Correlation Between Dollar Tree and Dingdong ADR
Can any of the company-specific risk be diversified away by investing in both Dollar Tree and Dingdong ADR at the same time? Although using a correlation coefficient on its own may not help to predict future stock returns, this module helps to understand the diversifiable risk of combining Dollar Tree and Dingdong ADR into the same portfolio, which is an essential part of the fundamental portfolio management process.
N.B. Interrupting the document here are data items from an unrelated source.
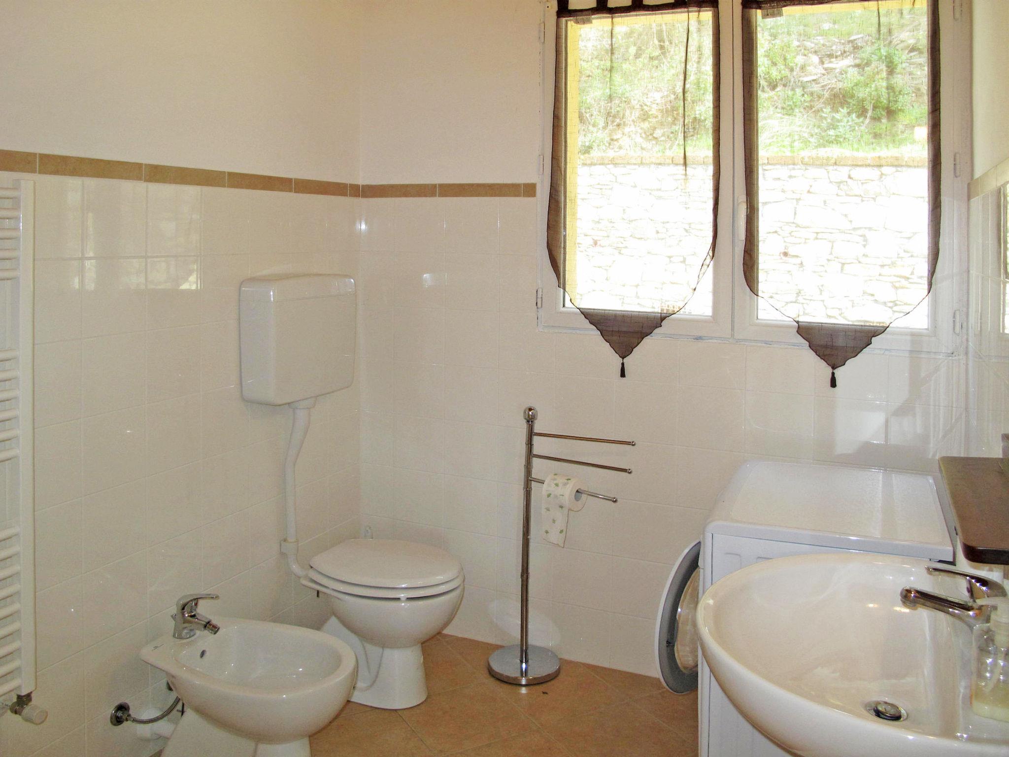 Small, beautiful residence "Clara", built in 2014, surrounded by trees. 4 apartments in the residence. In the hamlet Canneto 3 km from the centre of Prelà, 5 km from the centre of Dolcedo, 12 km from the centre of Imperia, in a quiet, sunny position on a slope, 15 km from the sea, in a cul-de-sac, in the countryside. For shared use: natural state property 1'200 m2 (fenced) with trees, natural garden, swimming pool (above ground) kidney-shaped (8 x 4 m, depth 120 cm, seasonal availability: 01.Jan. - 31.Dec.). Outdoor shower. 50 m long steep, narrow motor access to the house (ramp). Parking (limited number of spaces) at the house. Shop 3 km, supermarket 12 km, restaurant 3 km, bar 3 km, bakery 3 km, café 3 km, bus stop 300 m, railway station "Porto Maurizio" 15 km, sandy beach "Imperia - Porto Maurizio" 15 km. Please note: car recommended.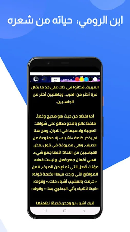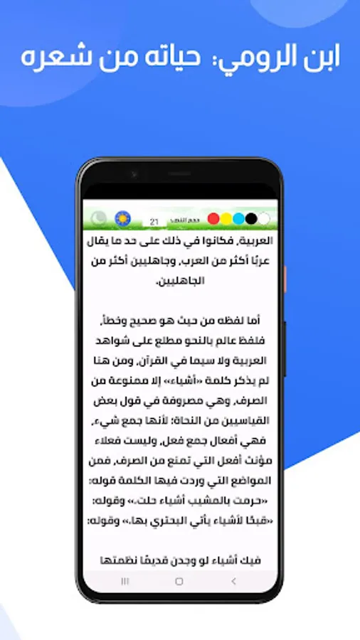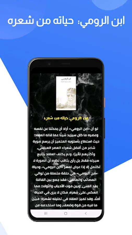 If Ibn al-Roumi had wanted to tell us about himself and his time, he would not have been anything more than what al-Akkad said; With his distinguished style, he was able to paint the image of one of the best and most influential poets of the Abbasid era. Al-Akkad was not satisfied with following his biography only, but also saw with his piercing eyes that the picture is not complete unless it is presented to the era of "Ibn Al-Rumi". The life of Ibn Al-Roumi is a continuous cycle of misfortunes and tragedies. He combined poverty after wealth, and the death of loved ones and children; This reflected on his hair, and he did not see hope in life. Al-Akkad was distinguished in his analysis of his poetry; He explained its strength and weakness, and the methods and meanings it used. He also analyzed his personality and delved deeper into his philosophy. The book was a vivid picture of a poet who still transcends his poetry above many poets.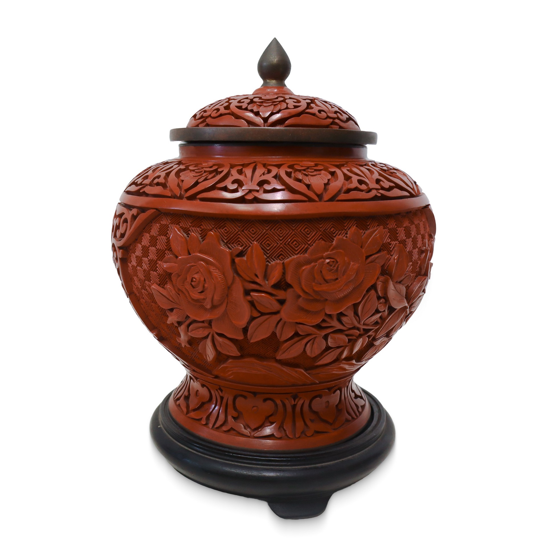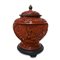 Vaso cinese porta zenzero intagliato in lacca rossa con coperchio

By analyzing existing cross correlation between Dollar Tree and Dingdong ADR, you can compare the effects of market volatilities on Dollar Tree and Dingdong ADR and check how they will diversify away market risk if combined in the same portfolio for a given time horizon. You can also utilize pair trading strategies of matching a long position in Dollar Tree with a short position of Dingdong ADR. Check out your portfolio center. Please also check ongoing floating volatility patterns of Dollar Tree and Dingdong ADR.
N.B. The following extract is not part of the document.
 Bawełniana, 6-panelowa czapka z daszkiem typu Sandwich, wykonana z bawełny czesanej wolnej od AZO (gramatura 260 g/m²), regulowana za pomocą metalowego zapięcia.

Diversification Opportunities for Dollar Tree and Dingdong ADR
-0.32 | Correlation Coefficient |
Very good diversification
The 3 months correlation between Dollar and Dingdong is -0.32. Overlapping area represents the amount of risk that can be diversified away by holding Dollar Tree and Dingdong ADR in the same portfolio, assuming nothing else is changed. The correlation between historical prices or returns on Dingdong ADR and Dollar Tree is a relative statistical measure of the degree to which these equity instruments tend to move together. The correlation coefficient measures the extent to which returns on Dollar Tree are associated (or correlated) with Dingdong ADR. Values of the correlation coefficient range from -1 to +1, where. The correlation of zero (0) is possible when the price movement of Dingdong ADR has no effect on the direction of Dollar Tree i.e., Dollar Tree and Dingdong ADR go up and down completely randomly.
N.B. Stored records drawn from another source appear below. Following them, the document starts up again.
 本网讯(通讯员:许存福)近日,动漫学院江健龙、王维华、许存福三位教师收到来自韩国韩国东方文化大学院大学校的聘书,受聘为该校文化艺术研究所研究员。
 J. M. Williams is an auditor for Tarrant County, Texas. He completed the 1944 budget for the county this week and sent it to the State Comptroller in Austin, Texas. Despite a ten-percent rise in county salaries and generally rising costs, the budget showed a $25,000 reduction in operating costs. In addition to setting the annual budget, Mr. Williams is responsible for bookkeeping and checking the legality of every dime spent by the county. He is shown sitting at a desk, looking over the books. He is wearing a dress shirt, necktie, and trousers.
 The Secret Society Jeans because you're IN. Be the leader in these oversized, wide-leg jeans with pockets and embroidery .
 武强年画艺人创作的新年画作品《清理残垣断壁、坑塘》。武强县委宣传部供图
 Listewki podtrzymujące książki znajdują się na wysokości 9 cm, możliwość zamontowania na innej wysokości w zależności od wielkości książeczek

Pair Corralation between Dollar Tree and Dingdong ADR
Given the investment horizon of 90 days Dollar Tree is expected to under-perform the Dingdong ADR. But the stock apears to be less risky and, when comparing its historical volatility, Dollar Tree is 2.6 times less risky than Dingdong ADR. The stock trades about -0.05 of its potential returns per unit of risk. The Dingdong ADR is currently generating about 0.17 of returns per unit of risk over similar time horizon. If you would invest 260.00 in Dingdong ADR on September 18, 2024 and sell it today you would earn a total of 164.00 from holding Dingdong ADR or generate 63.08% return on investment over 90 days.
Time Period | 3 Months [change] |
Direction | Moves Against |
Strength | Insignificant |
Accuracy | 100.0% |
Values | Daily Returns |
Dollar Tree vs. Dingdong ADR
Performance |
Timeline |
Dollar Tree |
Dingdong ADR |
Dollar Tree and Dingdong ADR Volatility Contrast
Predicted Return Density |
Returns |
Pair Trading with Dollar Tree and Dingdong ADR
The main advantage of trading using opposite Dollar Tree and Dingdong ADR positions is that it hedges away some unsystematic risk. Because of two separate transactions, even if Dollar Tree position performs unexpectedly, Dingdong ADR can make up some of the losses. Pair trading also minimizes risk from directional movements in the market. For example, if an entire industry or sector drops because of unexpected headlines, the short position in Dingdong ADR will offset losses from the drop in Dingdong ADR's long position.Dollar Tree vs. BJs Wholesale Club | Dollar Tree vs. Walmart | Dollar Tree vs. Target | Dollar Tree vs. Dollar General |
Check out your portfolio center.Note that this page's information should be used as a complementary analysis to find the right mix of equity instruments to add to your existing portfolios or create a brand new portfolio. You can also try the Portfolio Dashboard module to portfolio dashboard that provides centralized access to all your investments.